Nia begins: “We would like to share a song with you.”

“It is a song about prayer,” adds Lily.

Jasmine explains, “These are the words of ‘Abdu’l-Baha.”

I hate when people request for my children or youth to “perform” at a function. They’re not dancing monkeys, and they don’t do tricks. But my girls love to share, which is entirely different. We share, not because we’re polished, but because we’re learning.

“Strive,” we sing, “that your actions day by day may be beautiful prayers.”

“Thank you for listening,” Ianna concludes.

The thanks is not an extra. It’s a part of what we’re learning, too.

It’s so funny to me how they all beg to be the one assigned to say that last sentence, “thank you for listening”. (We rotate.) The auxiliary aspects of sharing with others, like introductions, explanations, and thanks, are so often relegated to the adults who deal with children. It’s such a little thing, but it makes my girls feel so grown up to take on these tasks.

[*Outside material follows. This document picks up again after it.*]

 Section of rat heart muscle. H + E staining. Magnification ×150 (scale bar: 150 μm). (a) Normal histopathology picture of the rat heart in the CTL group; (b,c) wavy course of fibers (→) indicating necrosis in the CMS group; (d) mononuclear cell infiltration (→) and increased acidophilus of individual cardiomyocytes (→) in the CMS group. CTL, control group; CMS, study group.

It helps them to realize that courtesy is a virtue of action, not just one of keeping quiet and sitting still.

When they are older, I won’t need to put so many words in their mouths anymore. With junior youth, I replace many of my answers with questions.

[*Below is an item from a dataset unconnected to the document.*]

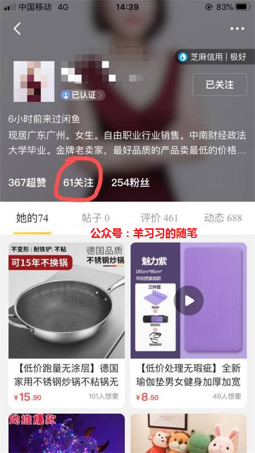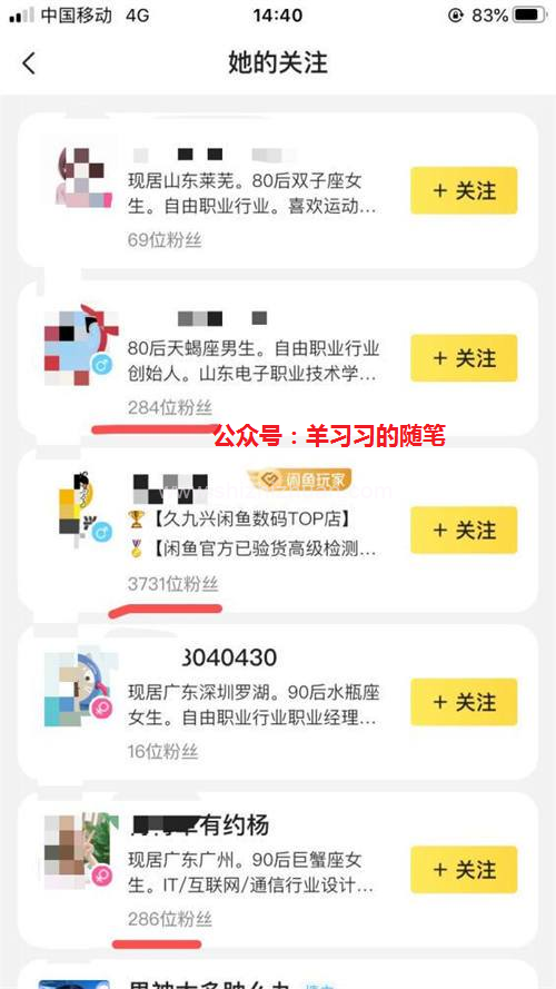 思路的延伸,总能发现很多无穷无尽好玩的东西,这个时候将人总会关注比自己厉害人的这个思路用到闲鱼这块,会发现同行会比自己厉害的同行。咱们咱们就去看他关注的同行卖那些好的品,而关注的同行还会关注其他人~~依次源源不断,源源不断,发现厉害的同行,发现厉害的品。

  • “What would be the best way to introduce ourselves?
  • “What should these people know about what we are doing?”
  • “How should we divide the responsibilities?”
  • “How can we show these people  the greatest possible courtesy, kindness, and love?”

But for now, wading in the shallows of the adult world, my girls like the safety of ritual to help them practice new skills without fear. I think that’s why “thank you for listening” is so popular. It’s the only line that never changes, week to week.

We’re sharing “thank you” because we’ve learned it.

Every. Single. Week.

Realize that we do a lot of thinking too. What kinds of actions might be beautiful prayers? Can Sockie (the cat) pray? How? Can a plant pray? How? But there will always be a special place for rote memorization. After stretching the mind to the edges of understanding, there is real joy in certain mastery. My teaching, like much of my life, is both far too traditional and far too newfangled for the taste of most adults. But my students are curious, courteous, reverent, and happy.

What more could you ask for?

Pedagogical theory? Well, I won’t perform for you, but I’m happy to share what I’ve learned.

I’ve learned that there must be room in the world for knowing and unknowing. That practice, practice, practice makes practical. That you have to start somewhere, but it might as well be nowhere if you don’t know where it is. And that the most important things must be learned, as they say, by heart.

And of course, thank you for listening.